● What to do: After locating the line with "Рис. 2. Матриця" in the data that follows, return it and every later line exactly, up to and including the line with "Корисність взаємодії учасників".

● Data provided:
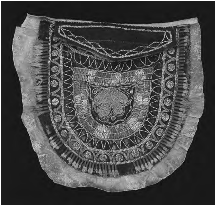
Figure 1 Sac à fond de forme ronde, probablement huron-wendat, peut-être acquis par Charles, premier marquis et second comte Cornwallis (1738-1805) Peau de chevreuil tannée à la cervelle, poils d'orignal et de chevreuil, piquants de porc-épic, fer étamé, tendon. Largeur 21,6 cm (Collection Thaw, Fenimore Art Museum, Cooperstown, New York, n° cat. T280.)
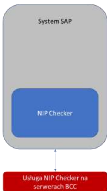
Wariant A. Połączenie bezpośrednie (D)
---
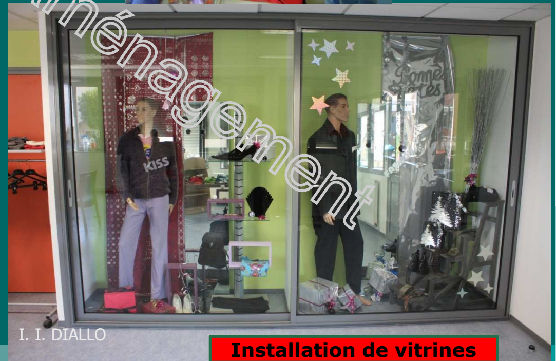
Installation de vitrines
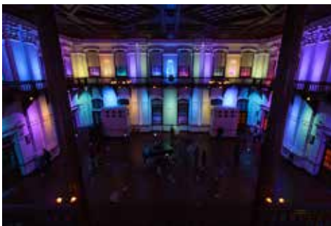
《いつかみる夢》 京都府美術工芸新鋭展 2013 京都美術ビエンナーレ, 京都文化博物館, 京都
--
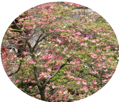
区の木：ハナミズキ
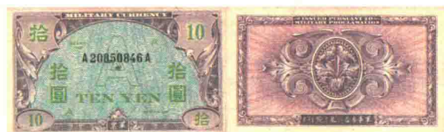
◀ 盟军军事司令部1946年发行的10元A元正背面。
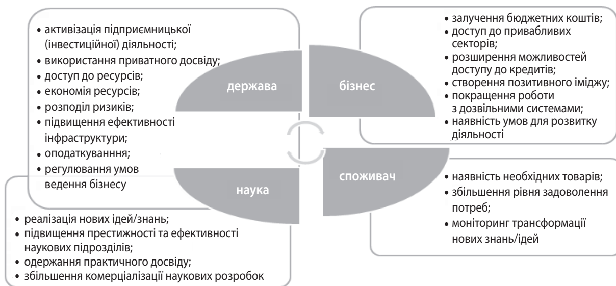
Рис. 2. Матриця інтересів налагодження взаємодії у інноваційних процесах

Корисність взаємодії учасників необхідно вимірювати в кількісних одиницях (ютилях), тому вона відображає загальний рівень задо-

● Exercise response:
Рис. 2. Матриця інтересів налагодження взаємодії у інноваційних процесах

Корисність взаємодії учасників необхідно вимірювати в кількісних одиницях (ютилях), тому вона відображає загальний рівень задо-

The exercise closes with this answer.